(Beginning of Dataset excerpts)

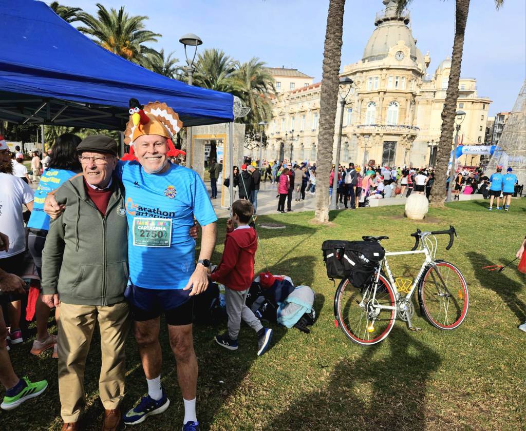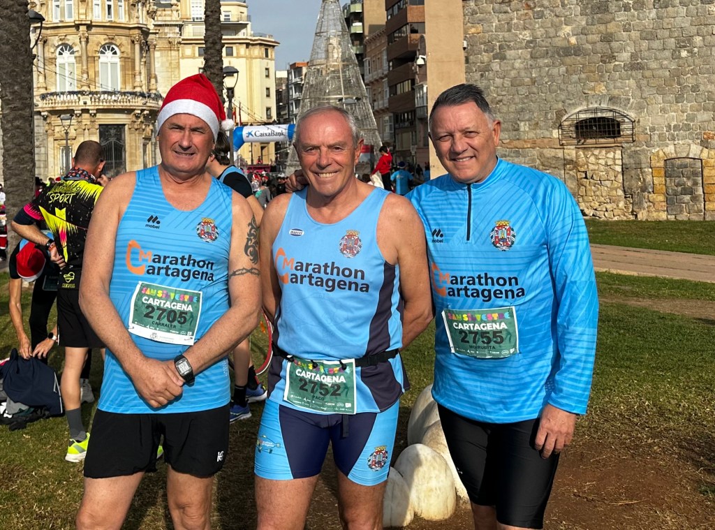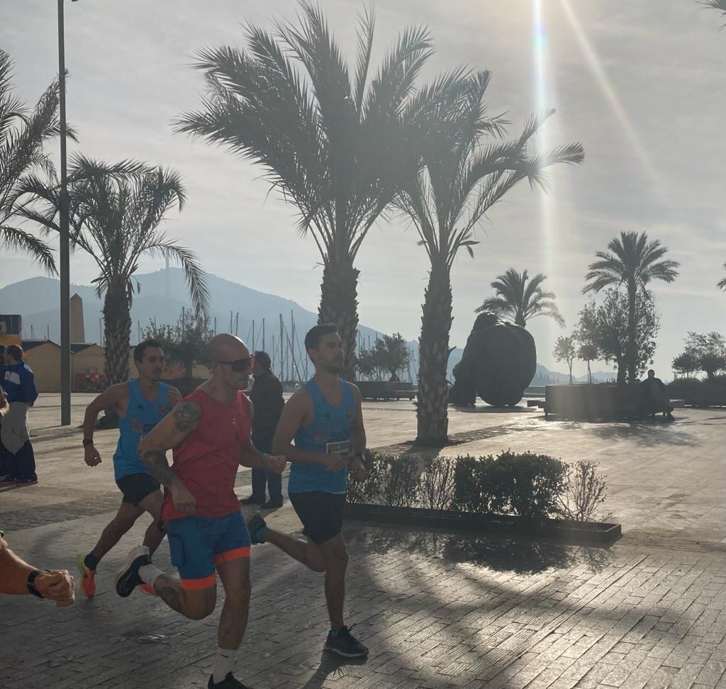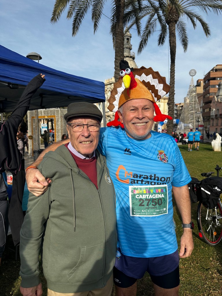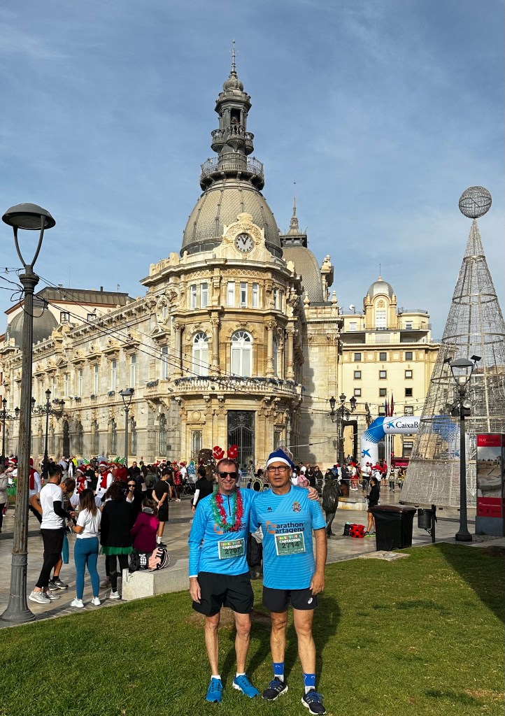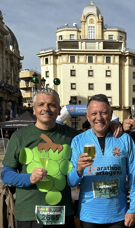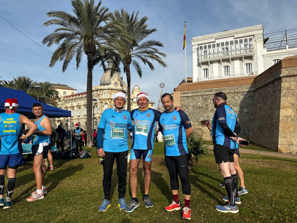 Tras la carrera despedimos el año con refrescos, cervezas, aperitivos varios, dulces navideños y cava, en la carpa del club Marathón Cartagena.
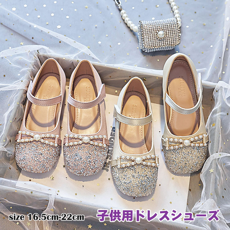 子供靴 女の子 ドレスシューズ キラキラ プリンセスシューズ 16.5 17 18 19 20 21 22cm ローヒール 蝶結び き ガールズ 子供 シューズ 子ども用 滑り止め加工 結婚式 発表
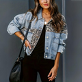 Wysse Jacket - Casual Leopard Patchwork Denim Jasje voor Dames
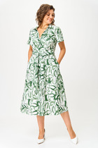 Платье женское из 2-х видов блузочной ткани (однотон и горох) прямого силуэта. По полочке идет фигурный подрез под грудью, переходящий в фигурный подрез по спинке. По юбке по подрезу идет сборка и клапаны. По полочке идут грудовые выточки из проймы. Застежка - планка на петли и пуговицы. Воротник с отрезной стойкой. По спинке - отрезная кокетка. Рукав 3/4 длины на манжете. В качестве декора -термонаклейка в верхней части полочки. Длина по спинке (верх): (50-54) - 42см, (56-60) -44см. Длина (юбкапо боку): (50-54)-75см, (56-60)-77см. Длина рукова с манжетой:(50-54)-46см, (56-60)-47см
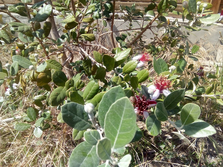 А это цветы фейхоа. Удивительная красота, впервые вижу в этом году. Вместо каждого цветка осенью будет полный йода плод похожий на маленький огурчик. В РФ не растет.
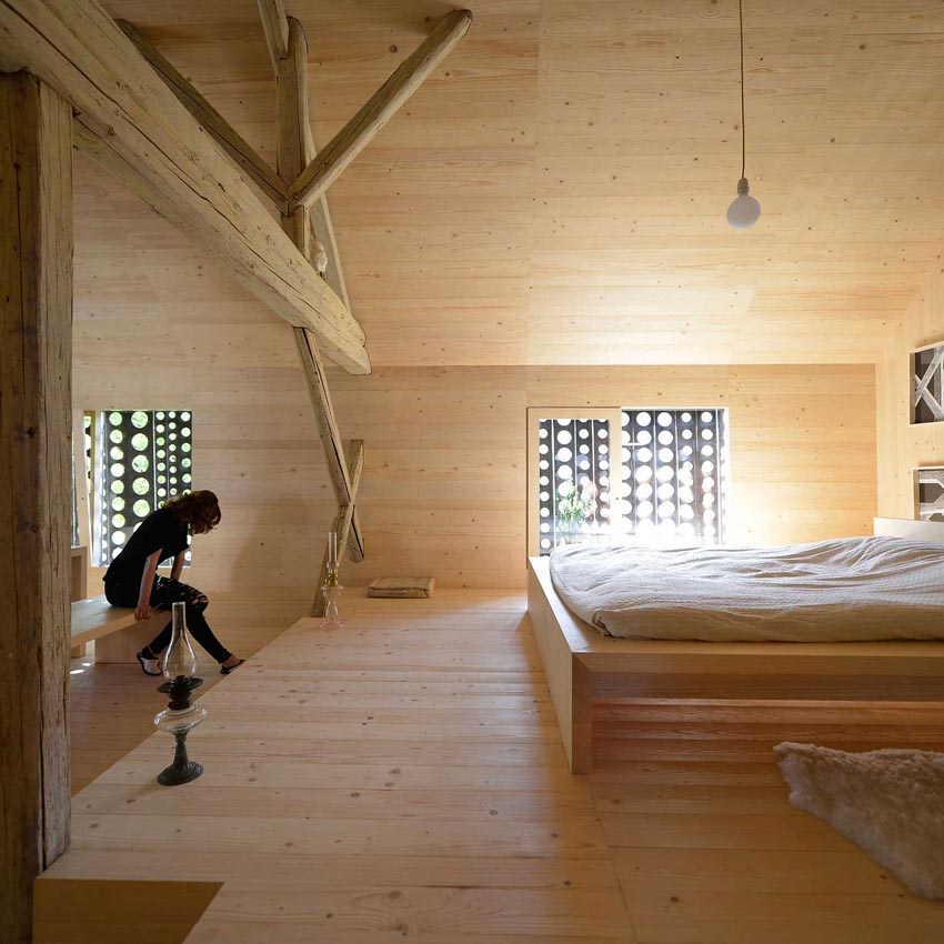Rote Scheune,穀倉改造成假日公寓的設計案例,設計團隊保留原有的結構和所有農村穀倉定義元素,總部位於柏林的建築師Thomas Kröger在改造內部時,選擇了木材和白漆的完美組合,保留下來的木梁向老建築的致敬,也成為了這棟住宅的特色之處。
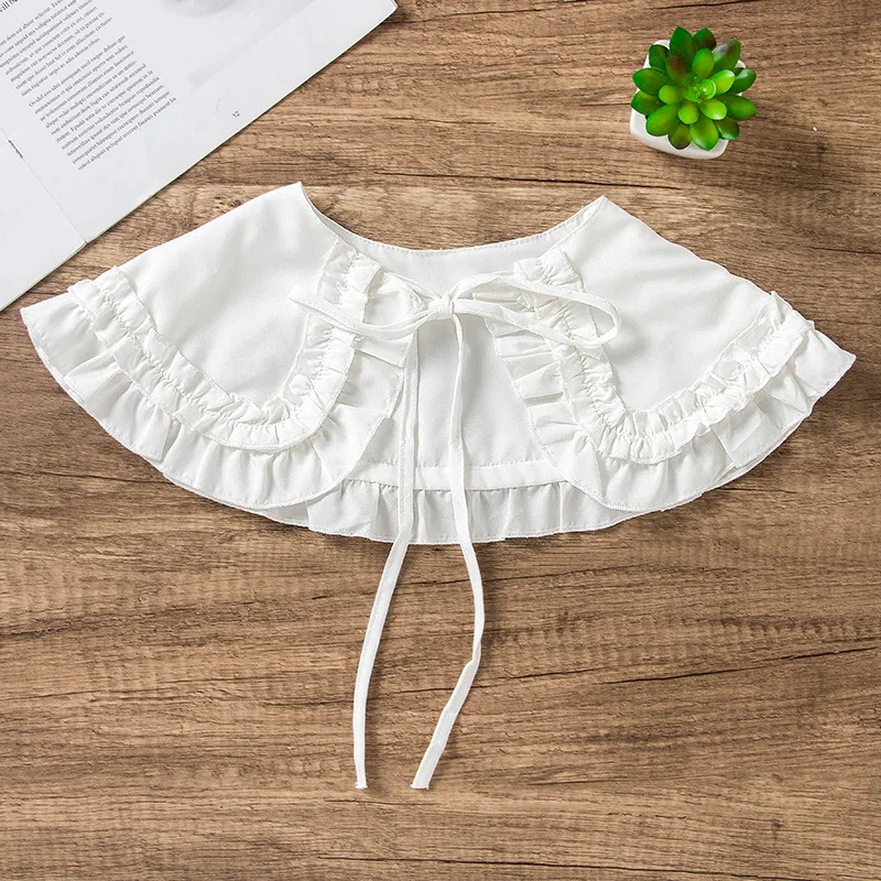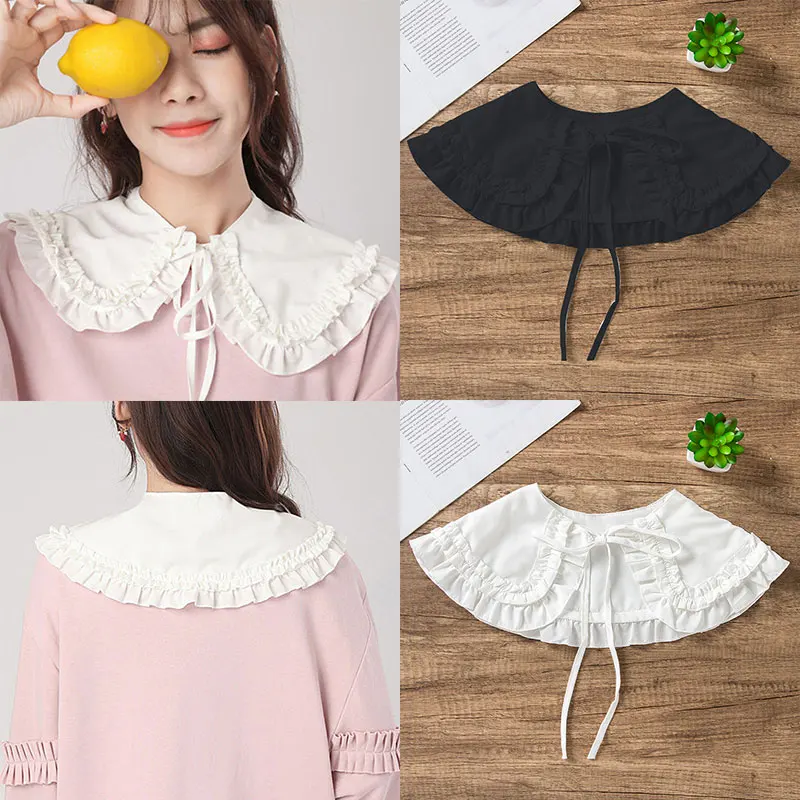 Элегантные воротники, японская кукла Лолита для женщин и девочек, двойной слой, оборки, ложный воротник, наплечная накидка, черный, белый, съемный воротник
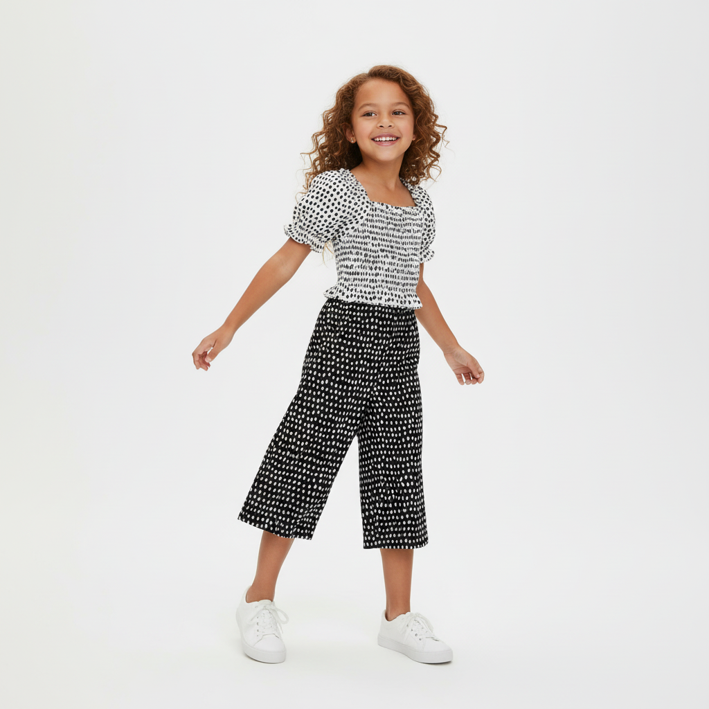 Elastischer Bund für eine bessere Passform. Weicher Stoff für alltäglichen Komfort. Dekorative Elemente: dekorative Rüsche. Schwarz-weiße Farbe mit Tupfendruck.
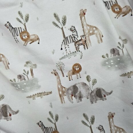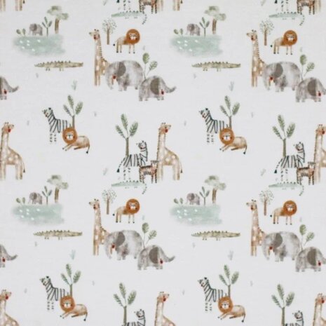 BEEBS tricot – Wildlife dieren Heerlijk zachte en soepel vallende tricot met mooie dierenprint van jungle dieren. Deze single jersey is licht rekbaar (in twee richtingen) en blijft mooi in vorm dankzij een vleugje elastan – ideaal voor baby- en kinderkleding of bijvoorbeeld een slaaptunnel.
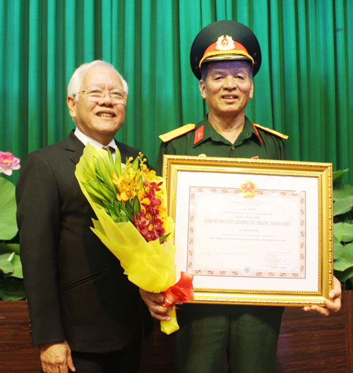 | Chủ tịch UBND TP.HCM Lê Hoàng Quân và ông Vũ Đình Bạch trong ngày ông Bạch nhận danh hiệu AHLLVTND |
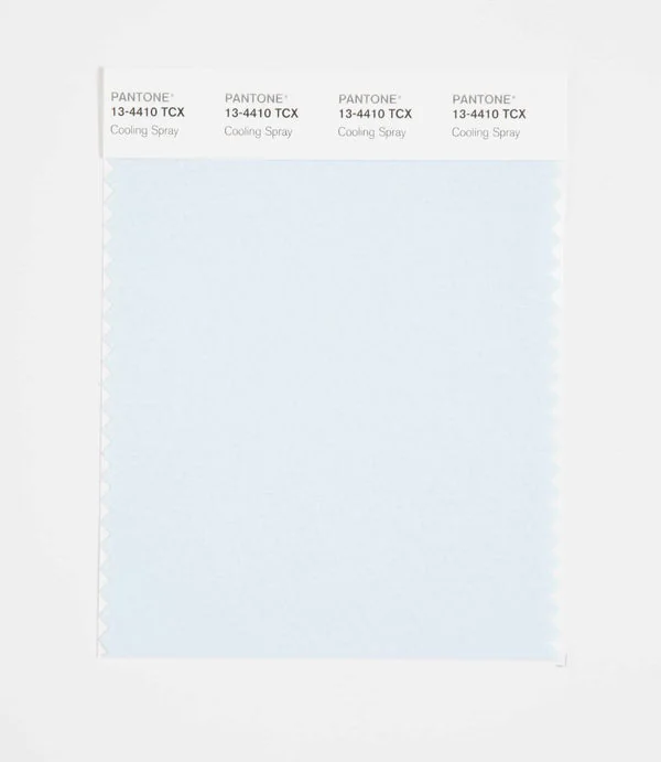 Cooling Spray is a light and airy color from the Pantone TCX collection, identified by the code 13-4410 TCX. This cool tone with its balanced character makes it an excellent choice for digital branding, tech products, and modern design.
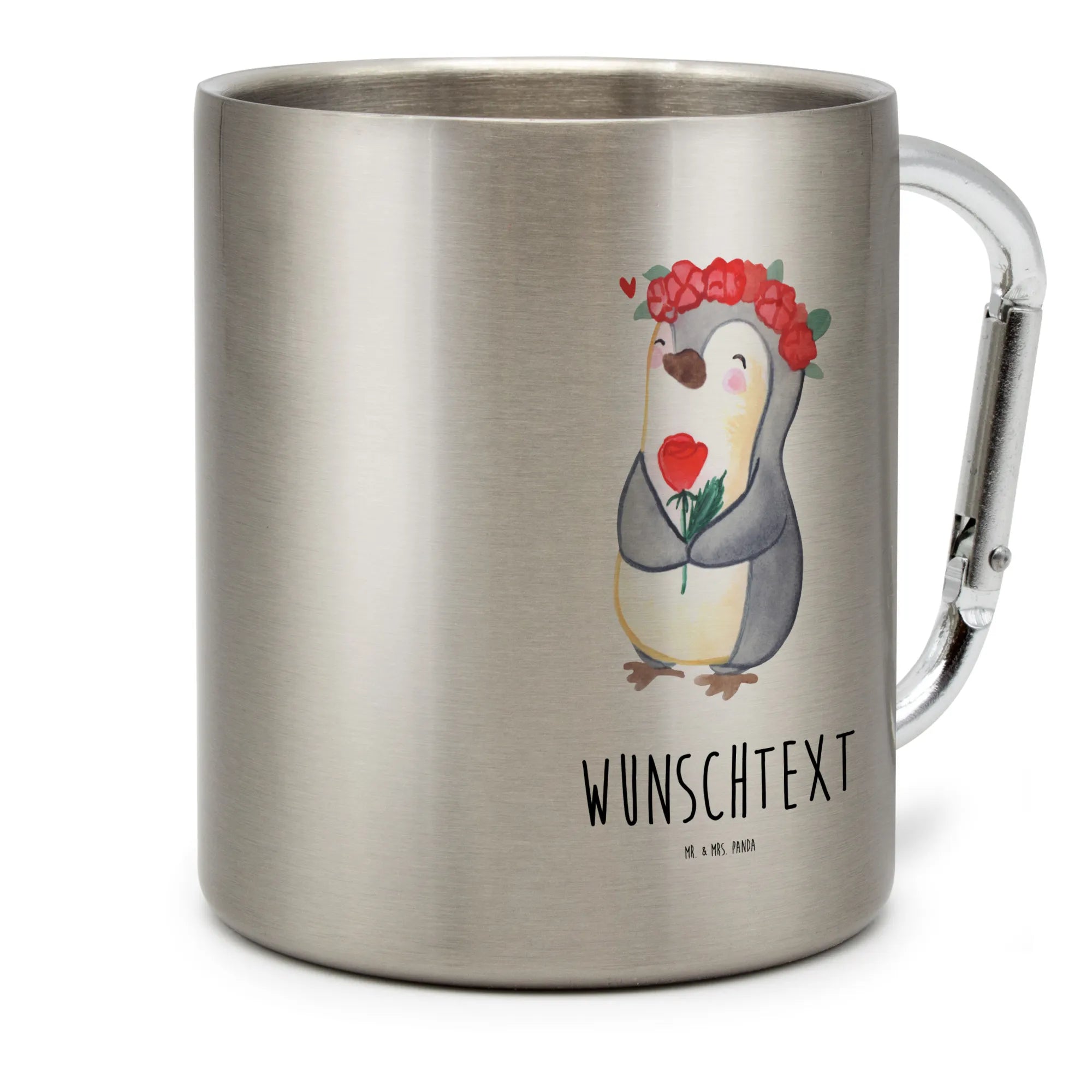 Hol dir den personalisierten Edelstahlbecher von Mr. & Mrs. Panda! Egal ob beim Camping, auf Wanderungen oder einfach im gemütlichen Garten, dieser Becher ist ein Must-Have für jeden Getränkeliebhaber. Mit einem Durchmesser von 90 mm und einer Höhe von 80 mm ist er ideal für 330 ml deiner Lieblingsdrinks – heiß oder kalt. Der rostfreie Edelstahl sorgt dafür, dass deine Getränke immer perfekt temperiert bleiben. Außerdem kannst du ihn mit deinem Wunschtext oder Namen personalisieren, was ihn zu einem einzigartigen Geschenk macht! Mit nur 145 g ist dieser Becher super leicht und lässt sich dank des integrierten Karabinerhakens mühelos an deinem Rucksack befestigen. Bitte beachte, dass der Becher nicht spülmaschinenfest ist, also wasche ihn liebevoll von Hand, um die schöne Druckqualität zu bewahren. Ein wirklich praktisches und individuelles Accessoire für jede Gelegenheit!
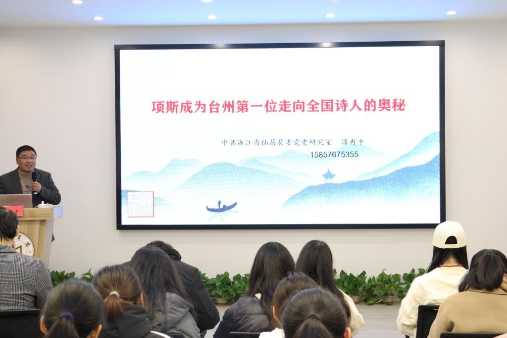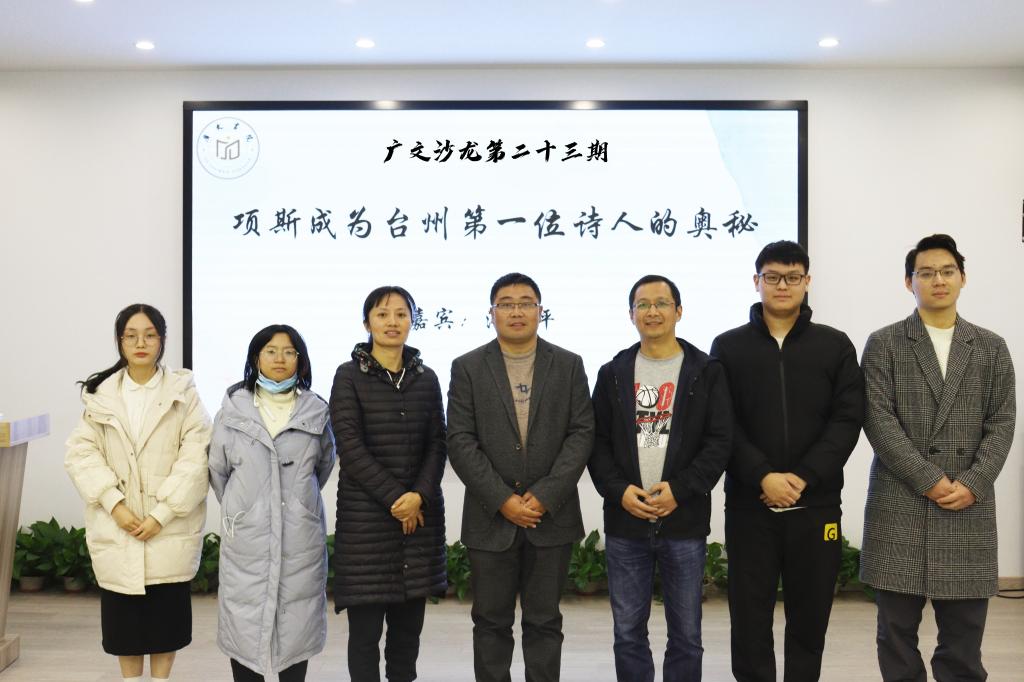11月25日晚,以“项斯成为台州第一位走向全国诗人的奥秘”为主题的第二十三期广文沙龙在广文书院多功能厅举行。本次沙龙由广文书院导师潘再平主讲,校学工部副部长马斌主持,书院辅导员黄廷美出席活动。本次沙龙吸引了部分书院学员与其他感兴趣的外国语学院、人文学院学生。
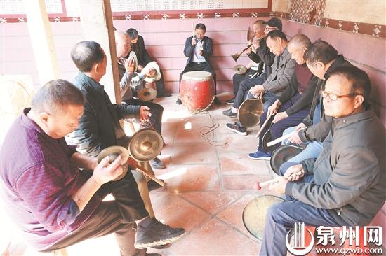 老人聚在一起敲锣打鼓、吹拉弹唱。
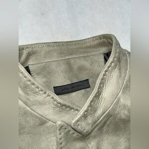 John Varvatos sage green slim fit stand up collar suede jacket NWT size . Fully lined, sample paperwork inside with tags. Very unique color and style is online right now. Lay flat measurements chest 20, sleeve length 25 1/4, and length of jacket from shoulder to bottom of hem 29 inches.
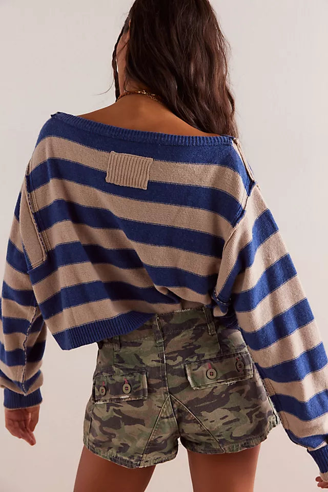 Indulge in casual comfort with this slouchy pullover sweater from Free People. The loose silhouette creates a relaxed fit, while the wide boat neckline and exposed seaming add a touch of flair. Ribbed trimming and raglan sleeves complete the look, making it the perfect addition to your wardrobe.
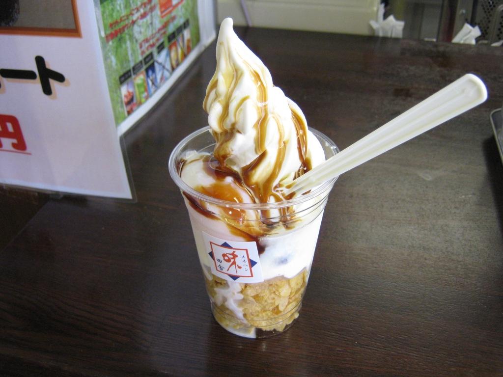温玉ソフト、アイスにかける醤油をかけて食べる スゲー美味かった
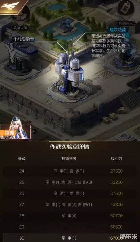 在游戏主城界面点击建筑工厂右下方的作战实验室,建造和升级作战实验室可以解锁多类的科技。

(End of Dataset excerpts)

Print exactly the lines from the first line of the records above through the line containing "Wysse Jacket - Casual", leaving out the pictures.

 Tras la carrera despedimos el año con refrescos, cervezas, aperitivos varios, dulces navideños y cava, en la carpa del club Marathón Cartagena.
 子供靴 女の子 ドレスシューズ キラキラ プリンセスシューズ 16.5 17 18 19 20 21 22cm ローヒール 蝶結び き ガールズ 子供 シューズ 子ども用 滑り止め加工 結婚式 発表
 Wysse Jacket - Casual Leopard Patchwork Denim Jasje voor Dames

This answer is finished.